Josh Triplett josh at joshtriplett.org
Sat Jun 11 17:14:10 UTC 2016


On Sat, Jun 11, 2016 at 01:03:39PM +0100, Manuel A. Fernandez Montecelo wrote:
> 2012-02-04 19:10 Josh Triplett:
> > Package: aptitude
> > Version: 0.6.4-1.2
> > Severity: normal
> > 
> > I've run into similar problems before, but this time I had something I
> > could easily reproduce and provide a transcript for.  Also, I've run
> > into similar problems that don't involve experimental at all, but in
> > this case the involvement of experimental seems like the likely culprit.
> > 
> > I tried to upgrade iceweasel from 10 in unstable to 11 in experimental.
> > Doing so requires installing xulrunner-11.0 and libmozjs11d from
> > experimental, and upgrading libnss3-1d to experimental.  aptitude's
> > resolver seems extremely reluctant to do the latter.  I'll provide two
> > transcripts below, one where I don't provide the resolver with any
> > accept/reject hints (and it takes quite a few steps to do something
> > sensible), and one where I explicitly reject things I don't want it to
> > do (and it still needs two rejections before reaching the correct
> > solution).  In any case, the resolver should have gone immediately to
> > the solution I ended up with, and shouldn't have presented the situation
> > as brokenness that needed fixing in the first place.
> 
> I disagree.  Giving hints is an integral part of using aptitude and its
> resolver.

That much I agree with; I think it's normal, in situations where there's
actually breakage in the archive, to have to give hints to determine
which of various suboptimal solutions to use.  For instance, if someone
accidentally builds a package in unstable against libraries from
experimental, and I ask aptitude to install that package in unstable,
I'd fully expect to need hints to get to "switch the libraries from
unstable to experimental".

I'm *not* arguing that every single case where I have to give aptitude
hints or accept/reject iterations is a bug.  I'm arguing that this
*specific* case, of explicitly upgrading a package to a version only
available in a non-default distribution, should have an additional
heuristic to make aptitude consider it more reasonable to upgrade other
packages to that same non-default distribution.
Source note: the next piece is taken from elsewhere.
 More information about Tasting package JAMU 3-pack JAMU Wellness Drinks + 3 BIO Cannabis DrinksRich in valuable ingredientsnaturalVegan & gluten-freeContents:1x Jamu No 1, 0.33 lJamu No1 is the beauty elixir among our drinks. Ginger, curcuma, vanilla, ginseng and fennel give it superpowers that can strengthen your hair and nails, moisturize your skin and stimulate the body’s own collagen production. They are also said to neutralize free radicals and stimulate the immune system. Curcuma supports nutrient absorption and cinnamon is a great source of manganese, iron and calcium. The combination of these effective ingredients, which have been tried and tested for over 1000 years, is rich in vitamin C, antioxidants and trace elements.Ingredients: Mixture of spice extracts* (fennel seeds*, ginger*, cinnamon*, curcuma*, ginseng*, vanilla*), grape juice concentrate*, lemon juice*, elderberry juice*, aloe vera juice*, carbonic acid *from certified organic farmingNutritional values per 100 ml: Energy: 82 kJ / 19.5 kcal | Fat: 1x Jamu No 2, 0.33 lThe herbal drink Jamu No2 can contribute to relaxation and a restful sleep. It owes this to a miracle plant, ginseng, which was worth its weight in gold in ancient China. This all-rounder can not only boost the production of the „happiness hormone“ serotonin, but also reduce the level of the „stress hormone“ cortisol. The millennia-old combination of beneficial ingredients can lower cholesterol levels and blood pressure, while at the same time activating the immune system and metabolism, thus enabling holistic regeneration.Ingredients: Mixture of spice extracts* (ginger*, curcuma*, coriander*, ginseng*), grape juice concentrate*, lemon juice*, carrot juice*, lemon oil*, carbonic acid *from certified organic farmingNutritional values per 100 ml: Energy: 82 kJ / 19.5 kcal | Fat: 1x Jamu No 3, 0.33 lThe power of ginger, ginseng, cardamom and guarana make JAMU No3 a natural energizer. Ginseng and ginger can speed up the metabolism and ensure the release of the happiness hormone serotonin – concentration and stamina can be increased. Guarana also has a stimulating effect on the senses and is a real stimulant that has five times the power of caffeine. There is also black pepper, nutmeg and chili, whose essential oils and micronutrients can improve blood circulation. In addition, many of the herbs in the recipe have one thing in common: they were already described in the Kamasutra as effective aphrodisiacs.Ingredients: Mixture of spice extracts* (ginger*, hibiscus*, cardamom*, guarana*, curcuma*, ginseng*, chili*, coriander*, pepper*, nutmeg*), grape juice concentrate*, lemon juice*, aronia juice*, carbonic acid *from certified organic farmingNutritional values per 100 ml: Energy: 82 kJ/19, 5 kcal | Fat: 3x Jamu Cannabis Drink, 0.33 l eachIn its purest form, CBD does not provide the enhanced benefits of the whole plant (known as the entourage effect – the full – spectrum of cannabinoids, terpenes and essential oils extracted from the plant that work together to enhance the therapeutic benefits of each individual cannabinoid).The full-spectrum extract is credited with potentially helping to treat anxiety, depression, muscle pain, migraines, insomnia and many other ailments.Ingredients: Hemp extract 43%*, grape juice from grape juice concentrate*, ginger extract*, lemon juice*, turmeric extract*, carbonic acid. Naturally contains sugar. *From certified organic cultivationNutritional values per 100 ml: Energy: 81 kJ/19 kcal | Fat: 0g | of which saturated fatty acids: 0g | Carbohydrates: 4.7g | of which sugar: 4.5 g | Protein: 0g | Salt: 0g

> Otherwise, aptitude will rightly try to install things from the default
> versions, which presumably are not experimental, e.g. stable or unstable.
> 
> For example, if one uses mostly stable and has testing for the
> occasional package, one doesn't want that by asking to upgrade
> ${desktop-app} which depends on ${network-manager} which depends on
> ${initd}, one ends up pulling half of testing without enough warning.
> People are really upset about that some times, judging by the tone of
> the bug reports.

When installing a package from testing, I'd fully expect such
installation to pull in more packages from testing.  I don't see why
that consitutes "without enough warning"; aptitude gives a great preview
screen showing all the actions it will take, and if the installation of
one package produces a preview that has screenfuls of upgrades, that
should make it clear what happened and give an opportunity to consider
before proceeding.

> (The fact that it suggested "remove" as a first action was a well-known
> problems present for many years, independently of this particular case).
> 
> Other than that, aptitude's resolver is a complex beast which works
> based on heuristics.  The way to guide those heuristics is to give
> user-desired hints.  It will suggest to Keep few packages installed
> rather than upgrade many, specially if they come from non-default
> versions.

I don't think it suffices to just wave off sub-optimal results from the
resolver with "the resolver is subtle and quick to anger, and your
packages are crunchy and taste good with ketchup".  Yes, the resolver
won't be perfect every time, but it could potentially be improved.